Wednesday, October 5, 2011

change

Change isn't always an easy thing.  Sometimes change is good and exciting...like getting married or having a baby.  Quite often though, change is scary and filled with uncertainty.

When we moved over a year ago, Ashlyn had a very difficult time.  She has never become comfortable with the "new" house.  She forgot the fears she had at the old house and now views it as a place that was comforting and secure.  In complete contrast, the house we are in now is the "scary house".  Ashlyn is afraid to be upstairs or downstairs by herself.  When she goes to bed at night she gets up multiple times to tell us she is scared.  Throughout the night she runs down the hall, bursts into our room because she is scared.

I have never been one to deal well with change.  I like my "safe" little world and the comfort of familiarity.  I don't like things in my life to be turned upside down.

All that being said, a change is coming.

We are moving...again.  This time it is not necessarily by choice.  We were backed into a corner and for the health of our family we are moving.

My problem with change is not about a love for the house where we are currently living.  Lord knows we have dealt with a lot of issues in the year that we have been here.  Ultimately, it is just a house.  A material thing to which I have no attachment.

No, my problem with change is the runaway dreams that often feel like they are racing away from me so quickly that all I see is a cloud of dust in their wake.  I worry about how change will affect my kids.  Will they be afraid, will they be ok?

I don't mean to sound like I am down in the dumps about this move.  I am trying to think positively.  Really, I am.  Hopefully, we won't have the same complications at our new home that we have had here.  We do have a lot to be thankful for...we have a roof over our heads.  The kids don't have to change schools.  We will still be able to serve at the same church.  Those are all great things.  They are all amazing answers to prayers.

So why am I frustrated?

Because I am being selfish.  This was not MY plan.  I had a better plan for my family.  I wanted better things.  I wanted a nicer home.

Yep, I have the audacity to think that MY plan is better than God's plan.  Like I don't know that God's plan is better than my own.  How many times have I typed that exact thing on this very blog?!  You would think I would have it down by now.  Thankfully, God is patient.  He is loving.  He is forgiving.  One of these days I will get it through my head.

Interestingly enough, on one of my favorite blogs Flower Patch Farm Girl summed up change in a way that provided a little clarity for me....

"Because whether it's a person or a thing or an inkling of a dream, we all have something we need to unclench if we hold any hope of moving forward.

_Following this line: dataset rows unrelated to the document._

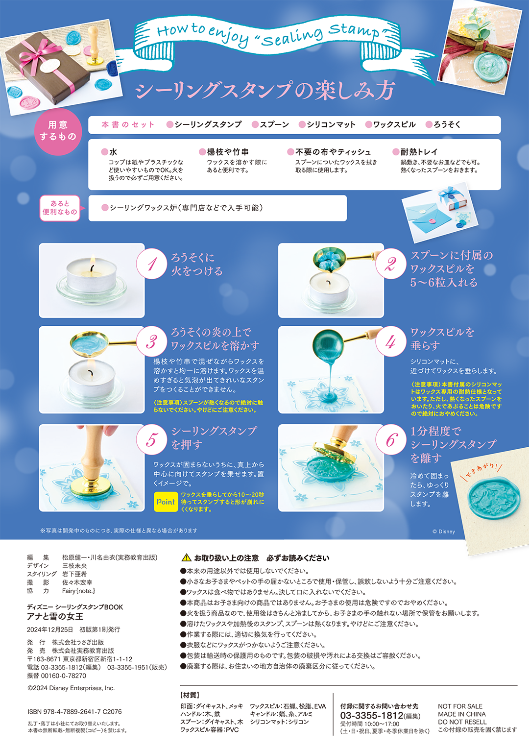 シーリングスタンプはちょっと難しそう、準備するのが大変そう…、そんなイメージをお持ちの方も『アナと雪の女王』の世界観あふれる本書なら、楽しくシーリングスタンプの世界へ一歩を踏み出せます。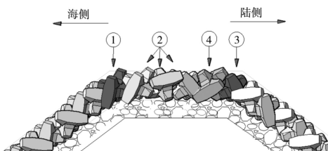 堤顶安放:防波堤两侧块体完全安放完毕后,可开始堤顶的安装工作。水平段扭王字块的安放没有具体的点位要求。安放过程中只须保证所有块体接触紧密,达到更大的安放密度即可。从断面图(图6)上来看,施工时应当首先安放海侧斜坡与水平段的①部分的块体,然后向陆侧安放②部分的块体,随后安放陆侧斜坡与水平段相交接的③部分块体,最后安放④部分的块体,用于连接两侧的块体。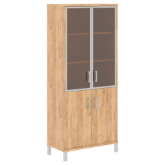 Каркасы шкафов выполнены из ЛДСП толщиной 25мм., кромка ПВХ т. 2мм. Задняя стенка из ХДФ т.4мм разрезная в паз. Внутренние полки из ЛДСП 18мм., кромка ПВХ т.0,8 мм. ЛДСП т 25мм., кромка ПВХ т. 2 с фасадной стороны, кромка ПВХ т. 0,8 с трех сторон. В упаковке один горизонтальный щит, который можно устанавливать вверху или внизу изделия. Опора регулируемая, цвет алюминий. Стеклянная дверь в алюминиевой рамке, стекло - тонированное пленкой, бронза. Ручка скоба, цвет алюминий. Двери вкладные.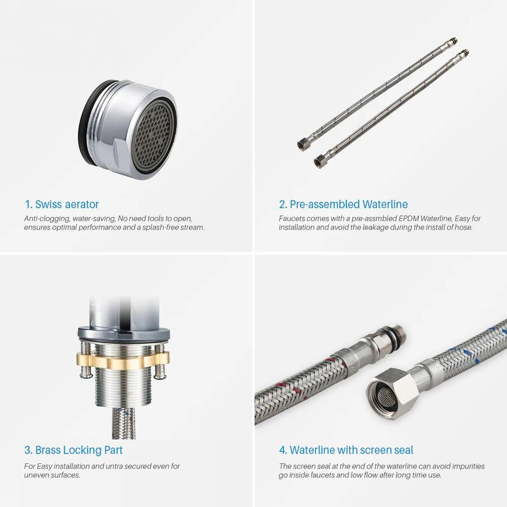 This Single Handle Lavatory Faucet brings modern simplicity and dependable engineering together in one elegant silhouette. Crafted from solid brass and finished in four luxury color options, it delivers smooth, precise control with a premium ceramic disc cartridge—built to perform beautifully for years to come.

And when you push past the jitters and the dark circles and the heartburn, there's a melty, cozy, tummy-flipping side to change that you might just fall in love with."

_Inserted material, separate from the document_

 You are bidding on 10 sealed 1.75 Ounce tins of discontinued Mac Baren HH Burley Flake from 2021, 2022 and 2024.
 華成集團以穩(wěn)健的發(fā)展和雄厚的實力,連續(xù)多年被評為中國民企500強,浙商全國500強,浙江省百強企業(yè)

Praying this change strengthens me and helps me grow. 



1 comment:

Comfypjs said...

Geez, I checked your blog several time on Wednesday and still missed this. Let me just say that THIS post has been extremely beneficial to me. Odd that I missed it yesterday but found it today after putting my change in place. I came upon a quote a few months ago by Corrie ten Boom that says, "“Hold everything in your hands lightly, otherwise it hurts when God pries your fingers open.”
I think that there has been many times in my lifetime where my fingers had to be pried open and I can vouch it wasn't fun.
Beautiful post and thanks for sharing your heart.